Last year, the Texas legislature passed statewide legislation enabling cities to use their property assessments as a way to finance clean energy and energy efficiency for industrial, agriculture, water, and commercial buildings. This innovative financing tool, generally referred to as property-assessed clean energy (PACE), has the potential to unlock a considerable amount of funding for both renewable energy and energy efficiency projects in the state, while simultaneously offering building owners cheaper financing options and secure repayment through their property assessment.
While PACE holds great promise in Texas with its over 1,200 incorporated cities, stakeholders have expressed concern that each of these cities could develop its own program with unique requirements, leading to confusion and creating bottlenecks for a successful roll-out. A consistent approach to PACE implementation and program rules would, however, vastly increase the chances of success.
In order to get ahead of this potential issue and create the consistency desired by all, Keeping PACE in Texas, a non-profit devoted to bringing PACE programs to Texas, has been working with a wide array of stakeholders to develop a do-it-yourself toolkit, called “Pace in a Box.” This toolkit provides local Texas officials with a set of necessary steps, program rules, and technical requirements. Pace in a Box, released today, will facilitate a consistent statewide approach to implementing PACE financing as well as allow local Texas governments to establish effective PACE programs quickly and economically.

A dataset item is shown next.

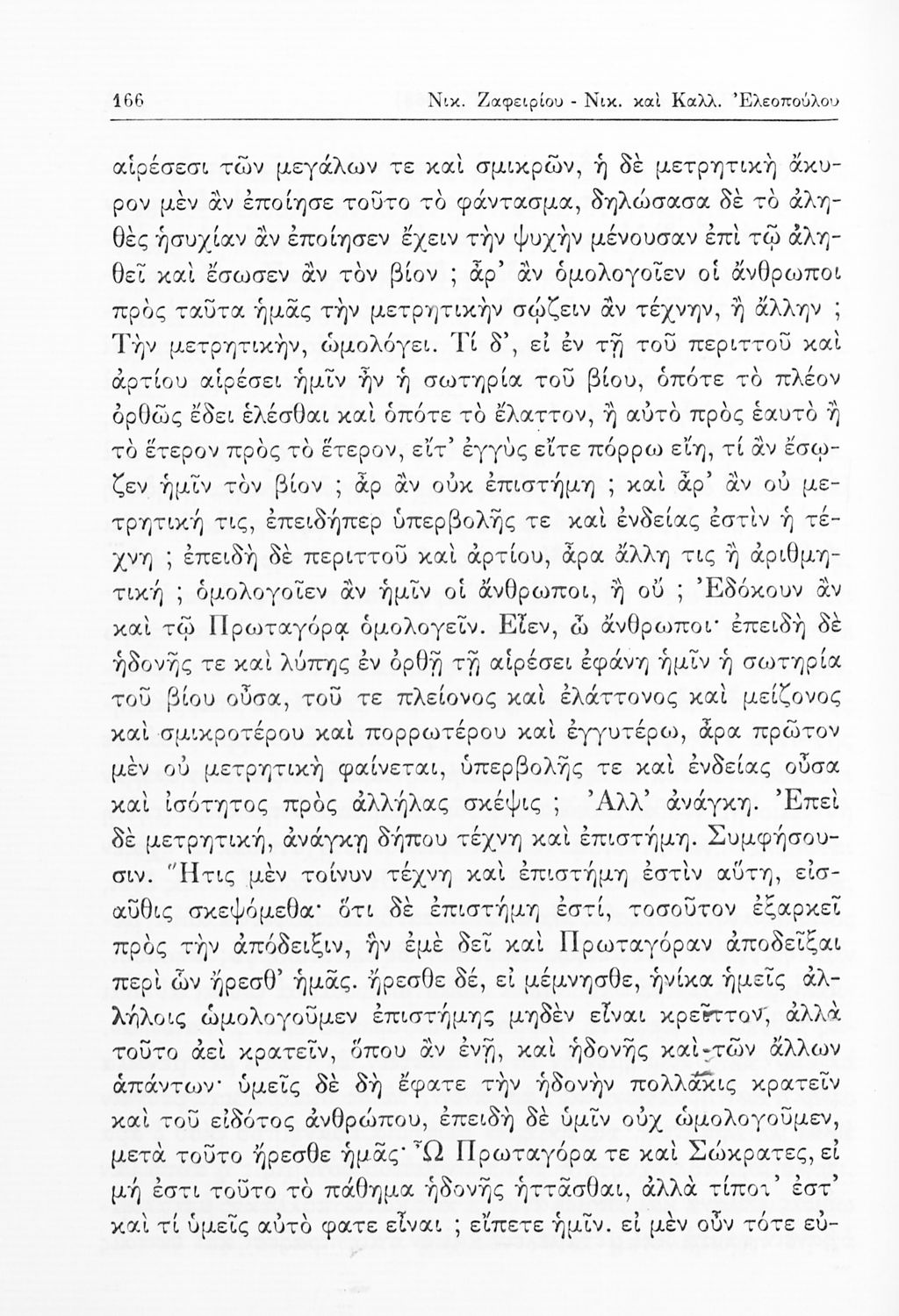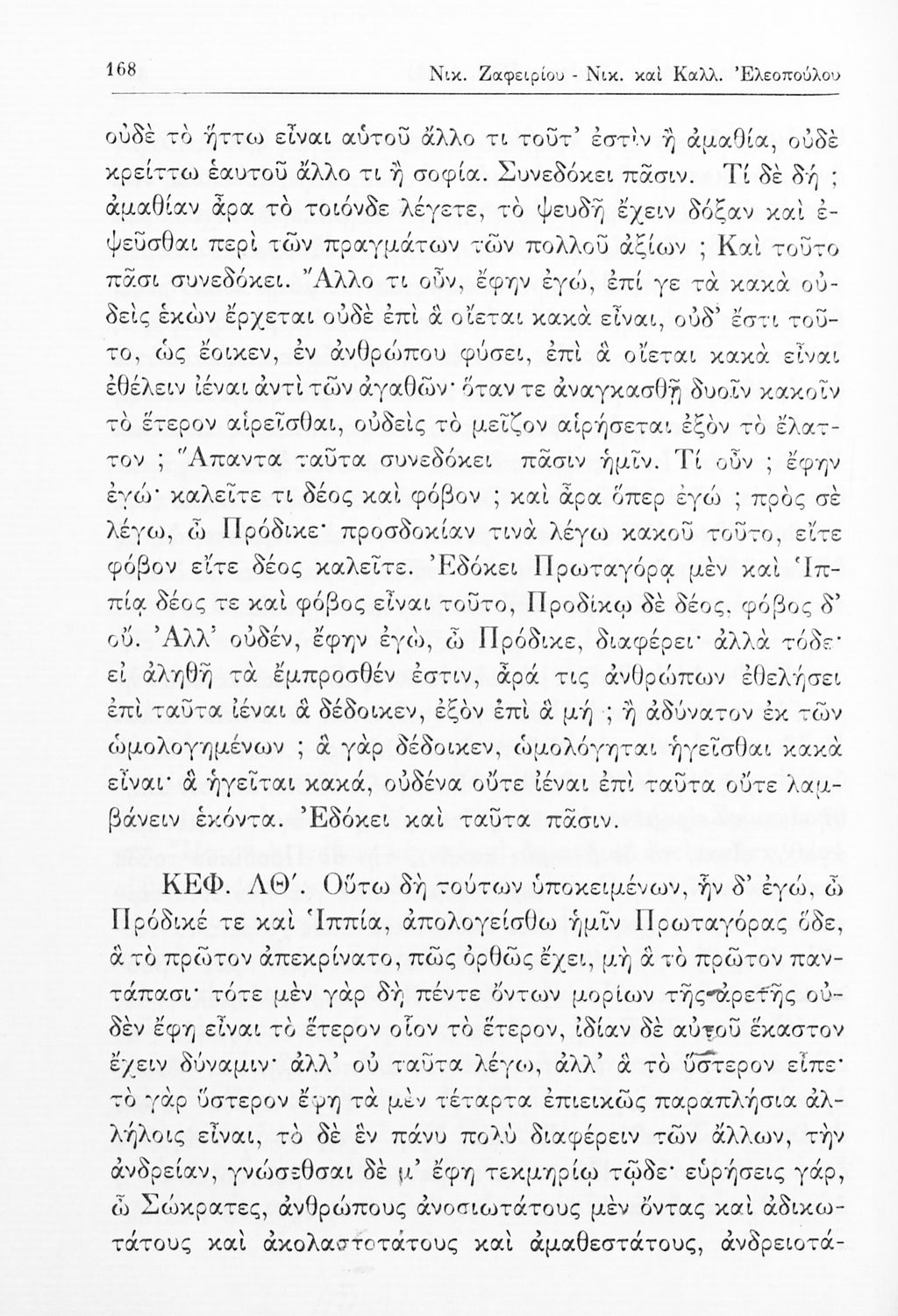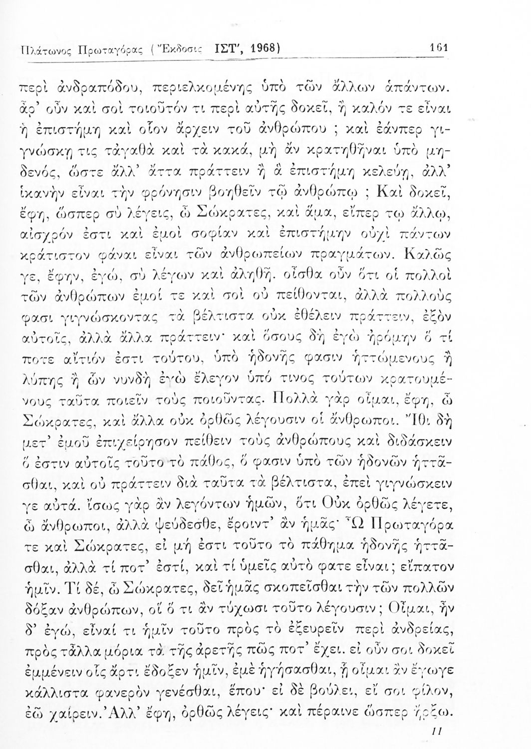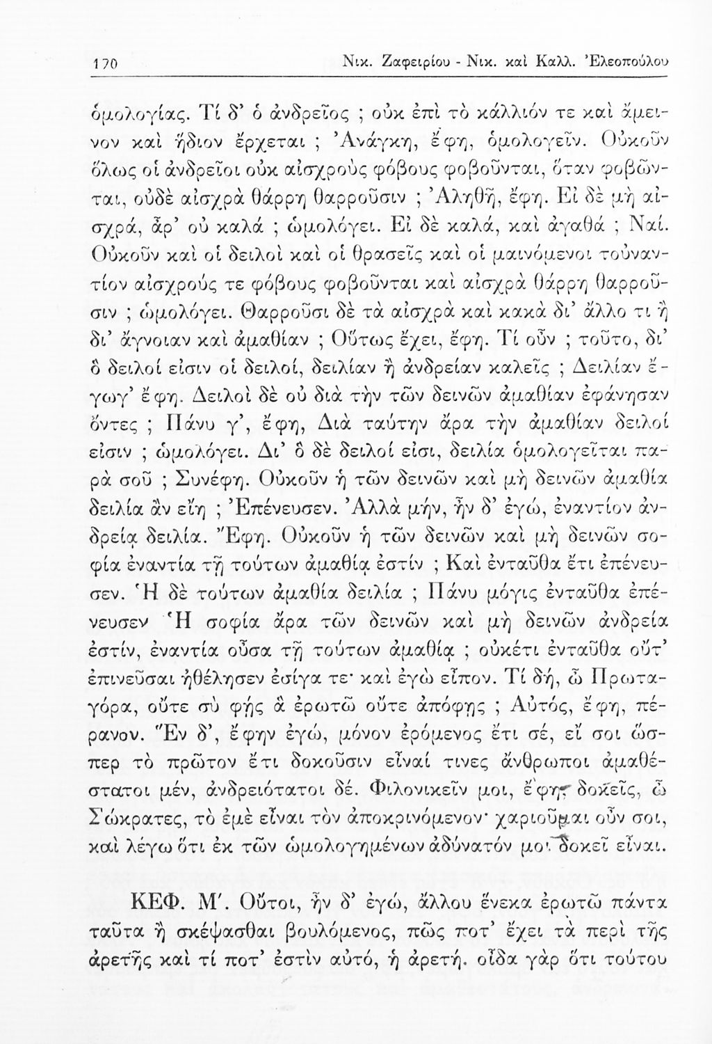 Βαθμίδα εκπαίδευσης: Δευτεροβάθμια Μάθημα: Αρχαία Ελληνικά Γλώσσα: Καθαρεύουσα Παρουσίαση περιεχομένου: Σχολικό εγχειρίδιο Αρχαίων Ελληνικών της Δευτεροβάθμιας Εκπαίδευσης. Το βιβλίο περιέχει δύο έργα του Πλάτωνα, Φαίδων και Πρωταγόρας, όπου ο Σωκράτης συνομιλεί για την έννοια και τις ιδέες της φιλοσοφίας |

Pace in a Box will include energy efficiency protocols developed by EDF’s Investor Confidence Project (ICP) as its recommended standard for developing projects, estimating energy and financial savings, and documenting and verifying results. By establishing a standardized process, the ICP Protocols will allow investors, building owners, and energy service companies to deploy PACE at scale in Texas. Input from stakeholders has shown that consistency and standardization are critical to growing the market and attracting investors.
Embedding ICP’s standards into the PACE in a Box toolkit not only creates consistency across the state of Texas, but also aligns the state with a growing number of national programs and investors. Ultimately, this could create an energy efficiency market on a national level.
Keeping PACE in Texas also avoided the costly and time-consuming process of developing proprietary program standards by using the ICP framework in its toolkit. Keeping PACE in Texas released the first version of its PACE in a Box toolkit this week to solicit feedback from stakeholders before launching a finalized version, scheduled for May 30, 2014.
The incorporation of ICP’s standards into the Pace in a Box toolkit reflects ICP’s growing momentum across the country as well as its rapidly-expanding Ally Network, which includes over 70 partners from both private industry and investors as well as an ever-expanding set of public programs.